Read below for highlights, excerpts and key moments.


0

Who will come out on top in our post-debate 538/Washington Post/Ipsos poll?

After last month’s debate, we declared Haley as a big debate winner, according to our previous poll with The Washington Post and Ipsos. When likely Republican primary voters who watched the debate were asked whether they’d consider voting for each candidate, Haley jumped from 30 percent before the debate to 47 percent after. Overall, participation in the debate was beneficial for candidates, and absence from the debate was (at least marginally) detrimental.

We’ll be following up with the same group as our pre-debate poll to see how participants performed and what respondents' views on all of the candidates are. Check back in with 538 tomorrow afternoon for our post-debate analysis.

—Analysis by Holly Fuong of 538


DeSantis gets another chance to be the adult in the room by rejecting the premise of that moderator question. He did the same thing in the first debate when the moderators asked candidates to raise their hands if they believed in man-made climate change.
-Jacob Rubashkin, 538 contributor


Survivor, GOP primary edition?

Moderator Dana Perino asked every candidate to write down which challenger they would “vote off the island.” DeSantis refused, prompting Perino to rework her approach, asking for his mathematical approach to winning the nomination — and of course, that’s not going to work with a politician. Christie, however, interjected that he’d be just fine voting Trump off the island.
-- Analysis by Leah Askarinam of 538


DeSantis is somewhat misleading while claiming biggest victory in Florida history

DeSantis claimed that his 1.5 million-vote victory was the largest in a Florida gubernatorial election in state history. Now, his nearly-20 percentage point margin of victory was quite large in what has historically been a swing state. But it's quite misleading to use the raw vote margin since population has changed quite a bit over time! This is especially true in a state like Florida, which has grown by leaps and bounds. For instance, a candidate would've had a tougher time winning by 1.5 million votes in 1990, when the state had a population of about 13 million, than in 2022, when the state had a population of about 22 million.

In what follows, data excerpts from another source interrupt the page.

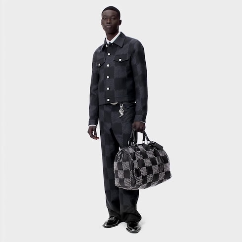 Diese Jacke aus feiner Wolle bringt eine stilvolle Note in Workwear-Looks im Denim-Stil. Das große Damier-Motiv als Jacquardgewebe wird durch ein feines Samenkorn-Muster in Navy-Tönen akzentuiert. Auf der Rückseite sind „Marque L. Vuitton Déposée“ Signaturen eingebettet. Knöpfe mit Perlmutt-Effekt runden dieses modische Kleidungsstück ab, welches sich zu einer passenden Hose kombinieren lässt.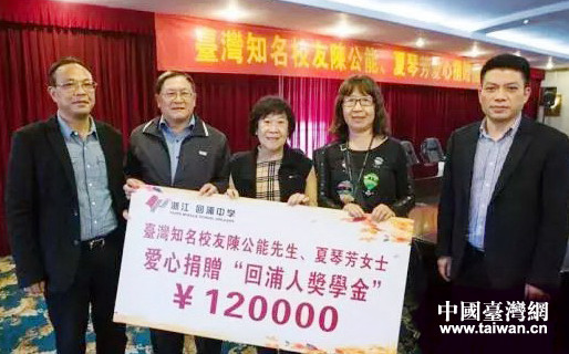 台胞陈荫华姐弟三人代父母为母校回浦中学捐赠。(图片来源:浙江省台办)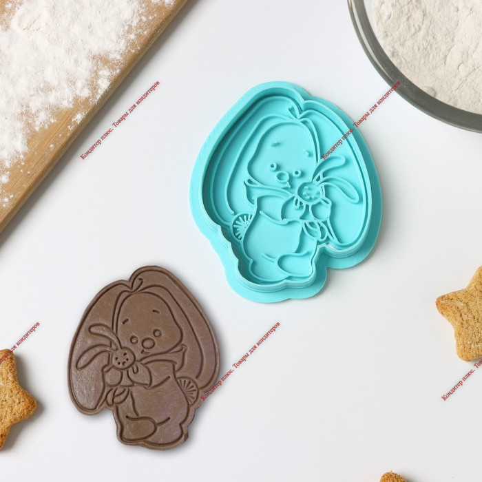 Форма для печенья «Зайка в пижаме», штамп, вырубка, цвет голубой
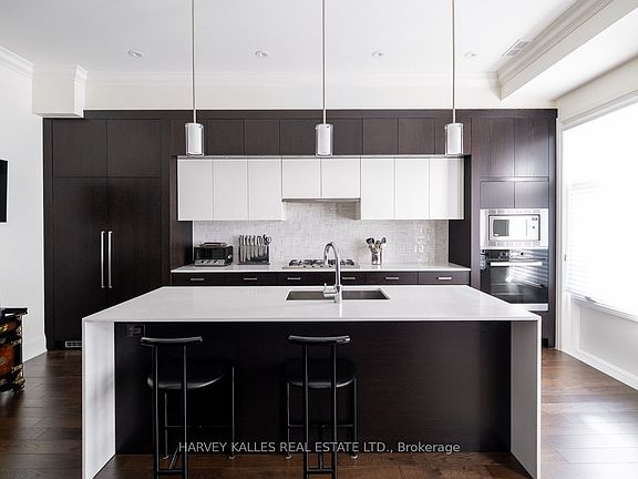 Nestled in the highly coveted community at Bayview & York Mills, this luxurious 4+1 bedroom,5-bath townhome blends modern comfort and sophistication. A private elevator services all three levels, boasting over 3,500 sq. ft. of upscale design, soaring ceilings, and an abundance of natural light throughout. Two private rooftop terraces offer the perfect setting for relaxing and entertaining under the stars. The thoughtful layout begins on the main floor with an inviting foyer, elegant home office, large powder room, and a well-purposed mudroom with convenient access to the 2-car garage. The 2nd level flows effortlessly from the contemporary living room showcasing a cozy fireplace and surround sound, leading to an open dining space suited for family gatherings, a 2nd powder room, and a chef's kitchen featuring a spacious breakfast area and generous balcony. The 3rd level master retreat is a serene sanctuary, including a stunning 7-piece ensuite, his-and-hers closets, and a private Juliet balcony, with two additional sunlit bedrooms designed for ample comfort. The lower level features an expansive home gym/rec space, a massive bedroom that doubles as a home theatre, a full bathroom, and laundry room. Fantastically located just steps from premier area amenities, and minutes from top schools, HWY 401, golf courses, and private clubs. A rare lifestyle opportunity in York Mills, where everyday luxury and convenience awaits!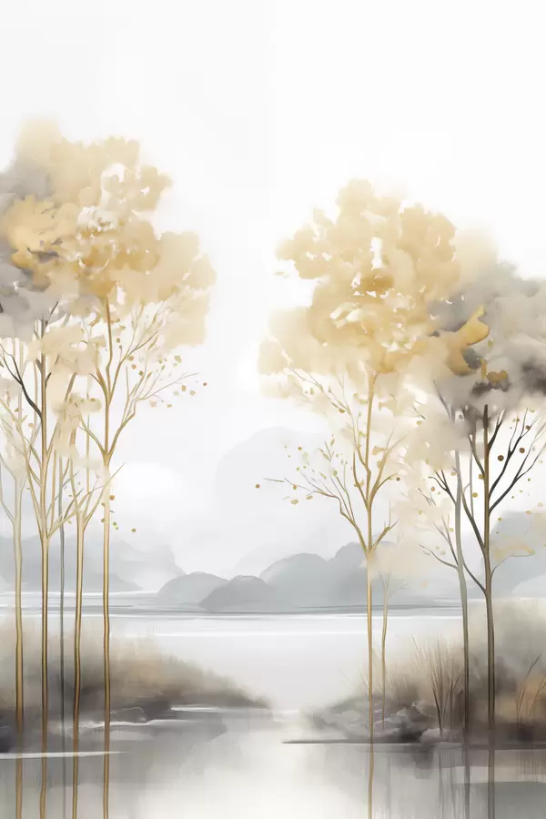 Постер на стіну Декоративний абстрактний пейзаж, високі дерева з жовтим листям, річка і туман на задньому плані Nr f47015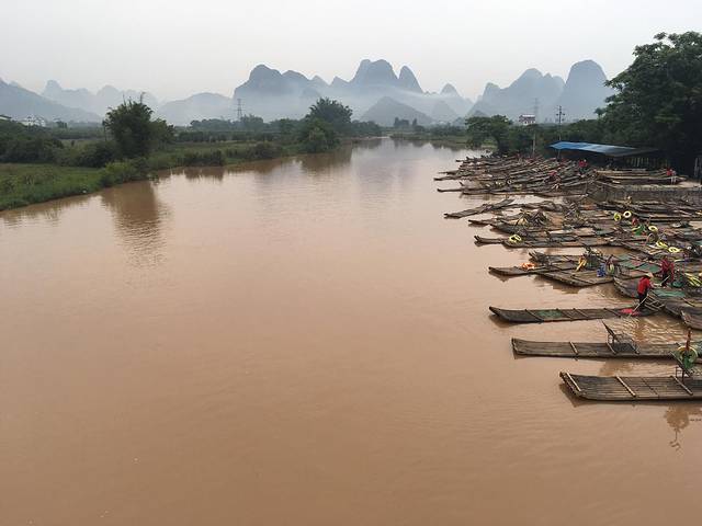 第二天一早,我们到了遇龙河,因为时间的原因,没能再漂流,由于刚下过雨,河水混浊,发黄,但风景依然如画!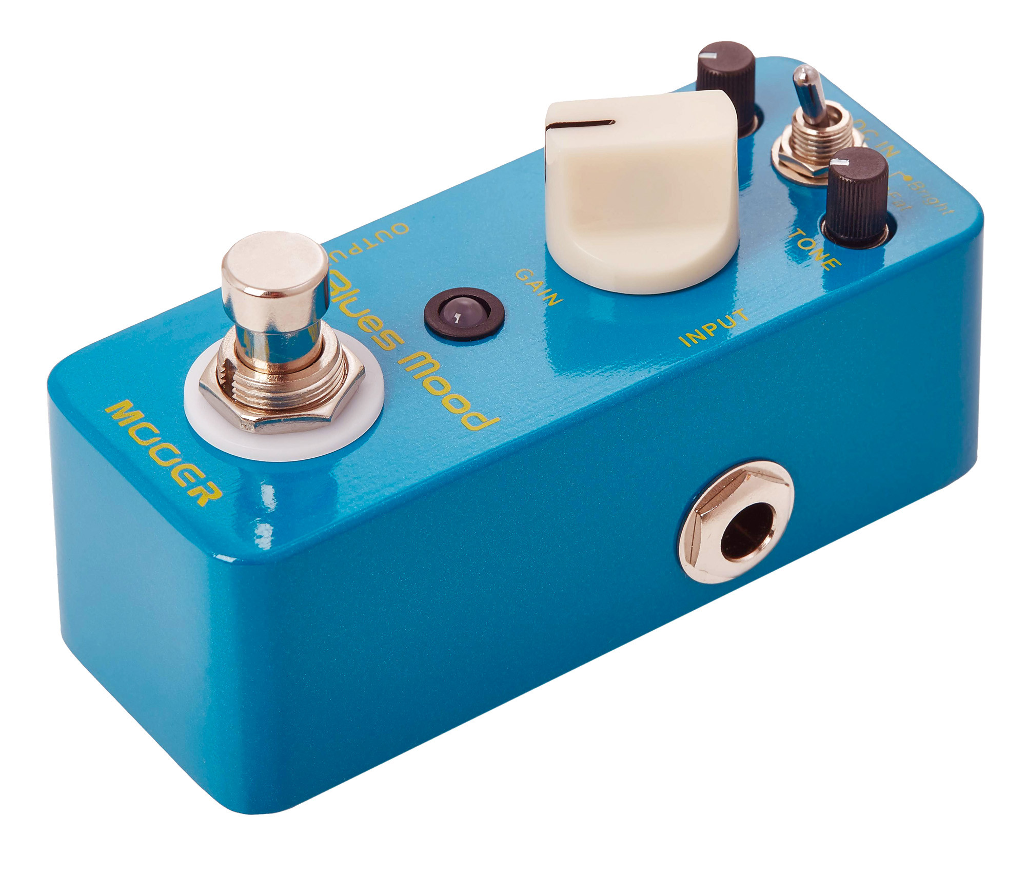 Pedal BLUES MOOD, overdrive blues de amplia curva de respuesta, también adecuado para bajo, con carcasa metálica, true bypass y acabado azul.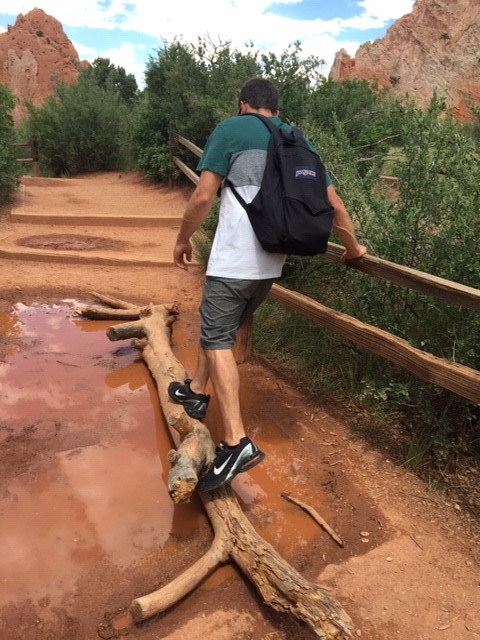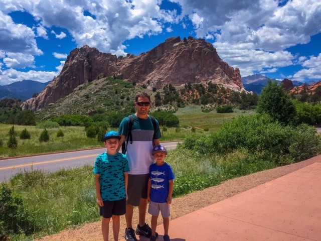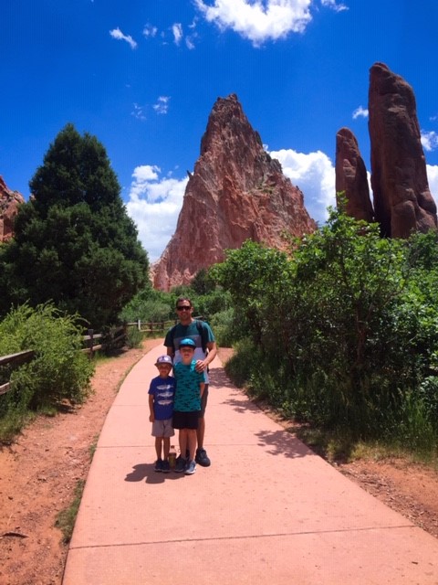 Jereme and the boys on the walk to the Garden of the Gods Park

Analysis by Geoffrey Skelley of 538


Fact-checking DeSantis’s claim that Florida proposal to teach that enslaved people benefited from slavery was a ‘hoax that was perpetrated by Kamala Harris’

DeSantis is dodging the facts.

The Florida Board of Education set new social studies standards for middle schoolers July 19.

In a section about the duties and trades performed by enslaved people, the state adopted a clarification that said "instruction includes how slaves developed skills which, in some instances, could be applied for their personal benefit."

Experts on Black history said that such language is factually misleading and offensive.

Marvin Dunn, a psychology professor emeritus at Florida International University, has authored several books on the history of African Americans.

"Most enslaved people had no special skills at all that benefited them following their enslavement," Dunn said. "For almost all their skill was picking cotton. An enslaved man who was made to be a blacksmith might have been a king had he not been captured and taken from his country. Is he supposed to be grateful? Enslavement prevented people from becoming who and what they might have been and that was slavery's greatest injury to humankind."

Bruce Levine, an emeritus professor of history at the University of Illinois and author of "Half Slave & Half Free: The Roots of Civil War," was one of several scholars of the period who told PolitiFact that they rejected the value of spotlighting "skills" learned while enslaved.

"Very simply, can you imagine saying this about ‘skills’ developed in Nazi forced-labor camps?"